(COLLECTED DATA Opens)
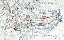 Starting in 1300, the street that would become Rathausgasse and Postgasse was known as Hormansgasse or Hormatsgasse. The Horman family, the origin of the name, lived in Bern from 1224-1326. Since 1619 the upper section (now Rathausgasse) was known as Metzgergasse (Butcher's Lane), while the lower section was first called Postgasse in 1798.[1] In 1675, in the house at Nr. 64/66, the Fischer'sche Post was first built which was the origin of the name in the following century. However, while the name was official in 1798, it wasn't until about 1870 that it became common. In the meantime, the Post moved from Postgasse in 1832.[2]
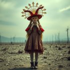 A young girl stands in a desolate landscape, wearing a large, ornate hat adorned with leaves. Her long hair flows down, and she appears solemn amidst barren trees and scattered debris.
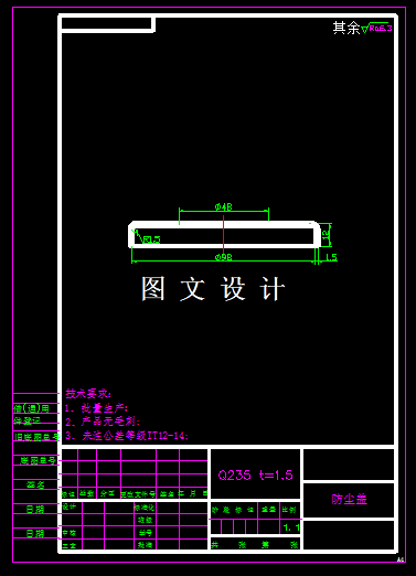本次设计的零件,工件形状比较简单,但基本工序比较多,有落料,拉深,冲孔,结合工件形状和尺寸,计算展开尺寸和拉深系数,确定设计三工序复合模具,结合计算结果,绘制模具装配图和零件图。
(COLLECTED DATA Closes)
WHAT YOU HAVE TO DO:
The pictures are not wanted, but every line of the listing should be duplicated exactly.

RESPONSE TO THIS TASK:
 Starting in 1300, the street that would become Rathausgasse and Postgasse was known as Hormansgasse or Hormatsgasse. The Horman family, the origin of the name, lived in Bern from 1224-1326. Since 1619 the upper section (now Rathausgasse) was known as Metzgergasse (Butcher's Lane), while the lower section was first called Postgasse in 1798.[1] In 1675, in the house at Nr. 64/66, the Fischer'sche Post was first built which was the origin of the name in the following century. However, while the name was official in 1798, it wasn't until about 1870 that it became common. In the meantime, the Post moved from Postgasse in 1832.[2]
 A young girl stands in a desolate landscape, wearing a large, ornate hat adorned with leaves. Her long hair flows down, and she appears solemn amidst barren trees and scattered debris.
本次设计的零件,工件形状比较简单,但基本工序比较多,有落料,拉深,冲孔,结合工件形状和尺寸,计算展开尺寸和拉深系数,确定设计三工序复合模具,结合计算结果,绘制模具装配图和零件图。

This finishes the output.